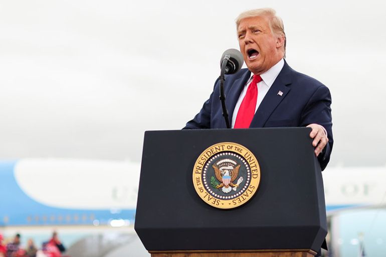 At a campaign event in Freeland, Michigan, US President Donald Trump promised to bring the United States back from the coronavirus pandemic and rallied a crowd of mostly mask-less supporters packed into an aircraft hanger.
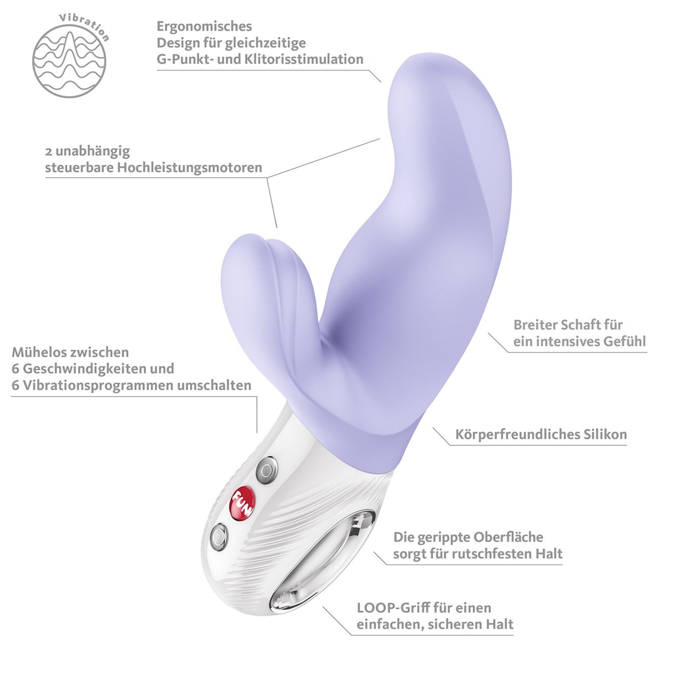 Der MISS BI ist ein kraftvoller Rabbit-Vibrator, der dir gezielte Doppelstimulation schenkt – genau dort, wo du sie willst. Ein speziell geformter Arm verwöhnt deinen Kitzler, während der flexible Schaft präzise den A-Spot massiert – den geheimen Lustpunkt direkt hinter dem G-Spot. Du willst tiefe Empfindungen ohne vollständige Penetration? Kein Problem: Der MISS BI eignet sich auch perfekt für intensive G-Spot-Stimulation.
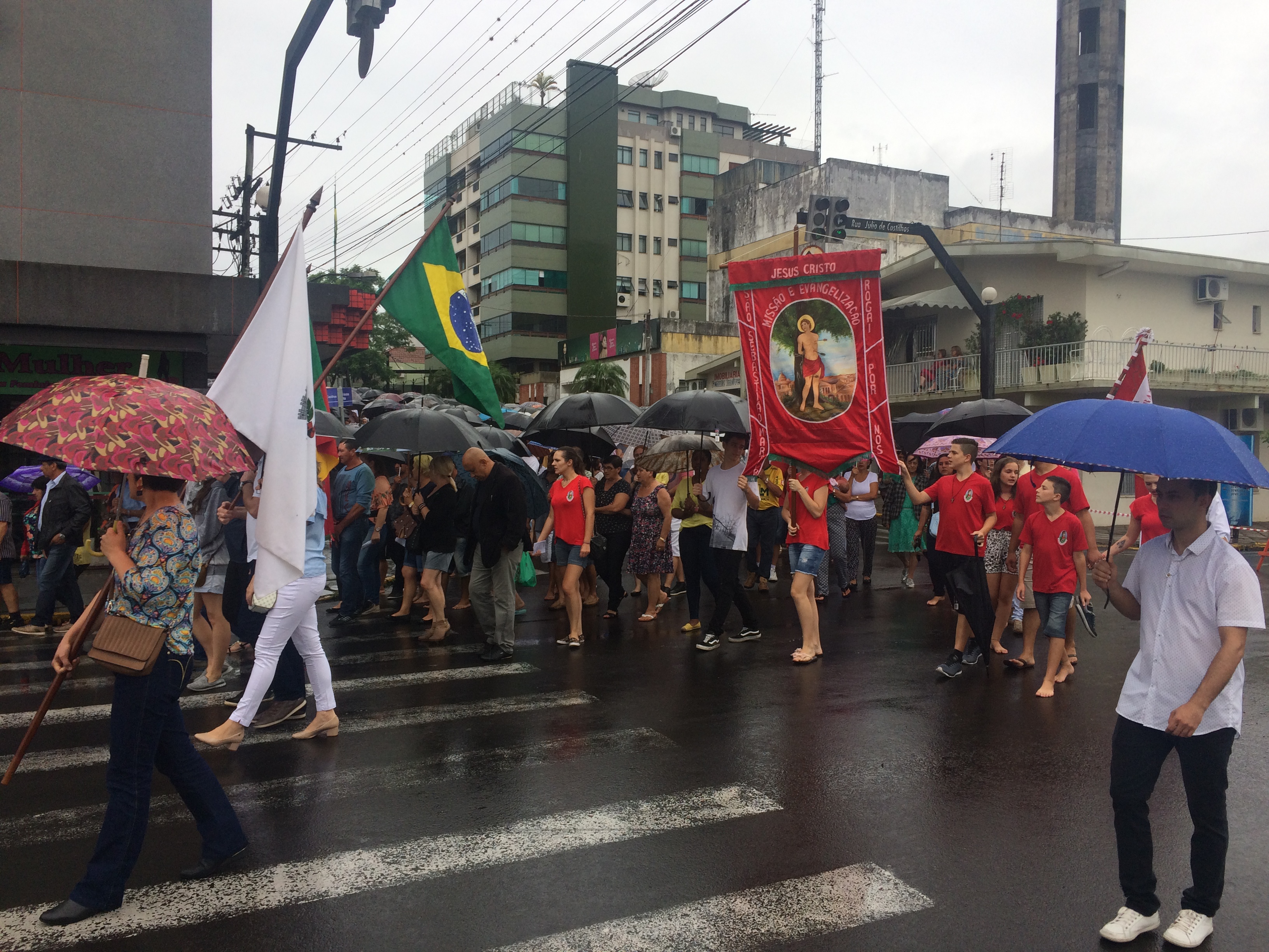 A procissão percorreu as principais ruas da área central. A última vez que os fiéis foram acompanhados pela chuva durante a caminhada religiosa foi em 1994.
= = = =
The required answer is the material repeated exactly, with no images in it.

* [Solution for this exercise]
 At a campaign event in Freeland, Michigan, US President Donald Trump promised to bring the United States back from the coronavirus pandemic and rallied a crowd of mostly mask-less supporters packed into an aircraft hanger.
 Der MISS BI ist ein kraftvoller Rabbit-Vibrator, der dir gezielte Doppelstimulation schenkt – genau dort, wo du sie willst. Ein speziell geformter Arm verwöhnt deinen Kitzler, während der flexible Schaft präzise den A-Spot massiert – den geheimen Lustpunkt direkt hinter dem G-Spot. Du willst tiefe Empfindungen ohne vollständige Penetration? Kein Problem: Der MISS BI eignet sich auch perfekt für intensive G-Spot-Stimulation.
 A procissão percorreu as principais ruas da área central. A última vez que os fiéis foram acompanhados pela chuva durante a caminhada religiosa foi em 1994.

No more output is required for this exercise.